This week focuses on Hadoop and AWS Elastic Map Reduce, plus how to install the same version of Hadoop on OS X with Homebrew
- Map-Reduce With Ruby Using Apache Hadoop - Good place to start kicking the tires, but start about halfway down the page w/ the Ruby related content.
- Log analytics with Hadoop and Hive -
- Hadoop Streaming for Rapid Prototyping of Distributed Algorithms - Oldy, but goody.
- Best Practices with STDIN in Ruby? - Use ARGF instead of STDIN because ARGF will handle both STDIN and named files.
Things I should remember by now
Sorting by a column in Unix AND specifying a tab as the column separator:
cat /tmp/file | sort -t"`echo '\t'`" -k2nUsing awk to sum a column of numbers - Again, with the tab separator.

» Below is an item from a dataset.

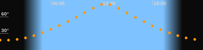 Höchster Stand (Kulmination)12:28 Uhr (h = 83,6°)
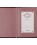 A simple heat-debossed double frame design with petite corner scrolls decorate the front and back covers of the faux leather KJV Bible. The title is heat-debossed and gold-foiled in a bold font and sandwiched between two scroll designs. The version reference is also heat-debossed and gold-foiled but is presented in a markedly smaller yet clearly legible font.

awk -F"`echo '\t'`" '{ sum += $2 } END { print sum }'
Installing Hadoop on OS X and Homebrew
If you are using OS X and Homebrew, Hadoop can be installed with a simple:
brew install hadoop
However, if you want to use a version compatible with AWS, specifically 0.20.205.0, you need to hack the brew formula.
Before:
url 'http://www.apache.org/dyn/closer.cgi?path=hadoop/core/hadoop-1.0.1/hadoop-1.0.1.tar.gz'
md5 'e627d9b688c4de03cba8313bd0bba148'
After:
url 'http://www.apache.org/dyn/closer.cgi?path=hadoop/core/hadoop-0.20.205.0/hadoop-0.20.205.0.tar.gz'
md5 '8016D8A2A50CB2BEB17F2F45A1EA28DA'
Last I checked, this was the only way to do it w/o forking the project. Before running brew update you should remember to cd /usr/local/ && git stash. Afterwards, git stash pop to re-apply them.
Note: If your map or reduce methods catch exceptions, make sure they don't hide problems. You may end up with a successful run, but output is empty.